• **Task details**
Print the data below verbatim, minus images.

• **Data segment**
:::::
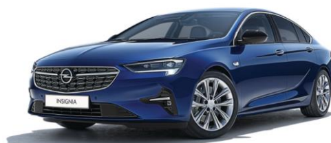
G4B - Nautic Blue
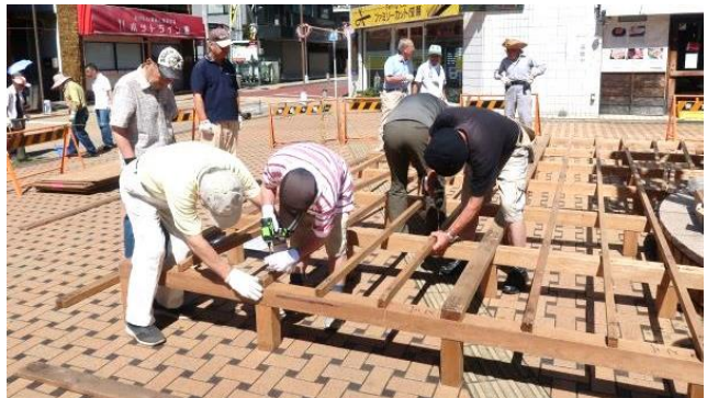
7/26(金) 「ステージ作り」(前日)
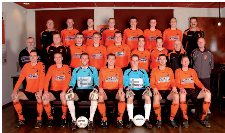
De voetbalselectie van Hollandscheveld, dat al jaren door het autobedrijf van de familie Martens wordt gesponsord.
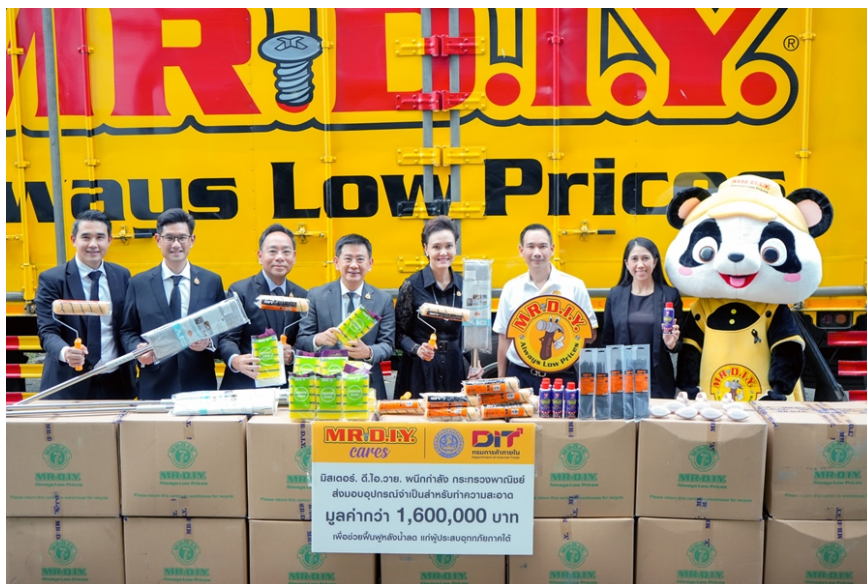
โครงการ รวมใจไทย พั่นแดนใต้
:::::
• **Written solution**
G4B - Nautic Blue
7/26(金) 「ステージ作り」(前日)
De voetbalselectie van Hollandscheveld, dat al jaren door het autobedrijf van de familie Martens wordt gesponsord.
โครงการ รวมใจไทย พั่นแดนใต้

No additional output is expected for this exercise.